Dogs react very differently from one another to the walk to the yard. Some dogs are friendly and curious with dogs in other kennels, some react fearfully, and others may be reactive. 

Regardless of how the dog responds, it is best not to let dogs interact through the kennel door. Think of the kennel as the dog’s personal space. Having another dog thrust its nose into that space is rude even if dogs are trying to be friendly.
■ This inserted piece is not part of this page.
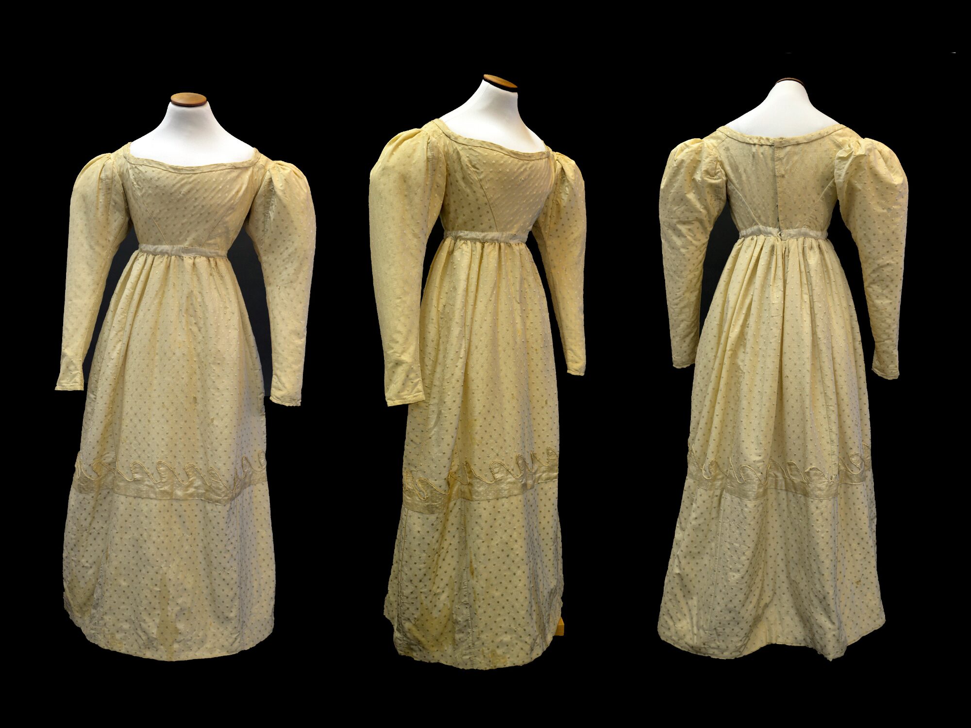 Dating from the late 1820s, it is made from pale yellow silk faille and has a woven dot pattern. The dress follows the stylistic trends of that time which were derived from classical Greek and Roman fashion. It was a time when rigid corsetry and compressed body shapes were replaced by a more relaxed style that allowed the body a more natural form.

Keep the dog moving and don’t allow nose to nose interactions if you can help it.

In the yard

There are six yards of varying sizes for dogs to play in at Alachua County Animal Services. Your shelter may have more or fewer. Some shelters have outdoor and indoor playpens. Several yards are usually equipped with toy bins and kiddie pools. Every yard should have a trash bin, poop bags, and a water bowl. If you find that the yard you’re in doesn’t have what you need, ask a staff member where to find the equipment that is missing.

The dogs

Most of the time, dogs spend the first several minutes of their time in the yard just sniffing around and stretching their legs after the confinement of the kennel. After that, some dogs are boisterously playful. It is a good idea to have a rope toy on hand to distract dogs who want to play with you.

Most dogs want to play energetically by themselves or explore before engaging with you. Once they do engage, they can often be quite playful or cuddly and needy. Be attentive to what the dog needs, but don’t be afraid to make loud noises to distract dogs who are jumping on you excessively or performing other behavior that is invasive to your personal space. Usually, a loud sound will deter dogs so that you can redirect them into playing with a toy.

When you’re done

When you’re done playing with dogs in the yard, it is very helpful to other volunteers and kennel staff if you pick up dirty toys and put them in the dirty toy basket and pick up any poop that may be in the play yard. Remember to mark off the dogs that you have taken out on the whiteboard. You can update the volunteer booth, the front desk, or the social media page with notes about dogs that you have played with.